Anyone know where the proposed budget is on the city website ? Haven't hunted it down yet.

update - as is typical, as soon as I posted that comment, I found the budget details :

http://cityofbeacon.org/files/2013%20BUDGET%20REQUEST.pdf

Proposed Budget is on City Administrator page under documents and forms.



Justin Riccobono said:

Gary,


The other retirement fees for all the other depts are bundled together on page 29 under #810000.

I will review your other questions that you have asked earlier about the police and fire retierment funds doubling, but as far as #450437 .. my report shows a figure of $166,000. I have the 10/15/12 issue of the budget. Which one are you reviewing?

Thanks again for your input and concerns.

Justin



Justin,


Line item #450437 shows $259,638 expended in 2011,$100,000 budgeted for 2012(final figures not in since fiscal year still in progress and $166,000 projected for 2013 budget. This is for a total just south of a half a million dollars in Attorney fees for 3years,for litigation, in excess of budgeted Attorney fees.

 

Found #810000 thanks



Justin Riccobono said:

Gary,

The Local Union reps negotiate the contrscts directly with the City, however the state sets policy of what is and has been agreed upon. So if something is already in he contract and lets say they have been getting a 2% increase each year for the last ten years, then most likely they are going to want those same increases year by year.

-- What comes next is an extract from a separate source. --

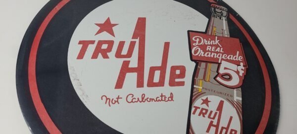 Add a vintage touch to your bar, man cave or soda collection with this stunning porcelain sign featuring the iconic Tru Ade advertising. Measures 12″ across. The vibrant color and gas & oil theme make it a perfect addition to any vintage advertisement collection.

If we dont want to agree to those terms and they arent willing to budge, it goes to srbitartion, where the state chooses an arbitrator and they set the deal, which is typically not in the citys favor.

The other retirement fees for all the other depts are bundled together on page 29 under #810000.

I will review your other questions that you have asked earlier about the police and fire retierment funds doubling, but as far as #450437 .. my report shows a figure of $166,000. I have the 10/15/12 issue of the budget. Which one are you reviewing?

Thanks again for your input and concerns.

Justin



Justin,
Wondering if you were able to find what line item #450437 was???

Thanks for clarifying the issue with 501 non-profits falling under the umbrella protection of the state. If the city doesn't have any direct way to control an expanding demand for tax-free trash pickup, and there is a consensus opinion that it would be worthwhile to begin taxing non-profits for trash pickup, I just want to make sure we are not erasing the benefit of new income thanks to the cost of collection. Sometimes an attractive idea today becomes the giant problem of the future.

While it is fair to explore the tax impact of the non-profits in Beacon, I also think it's a disingenuous comment to suggest that if they represent 30% of our tax base today, that somehow in a matter of years it will represent 50% of our tax base. I'd like to see some facts to back that up.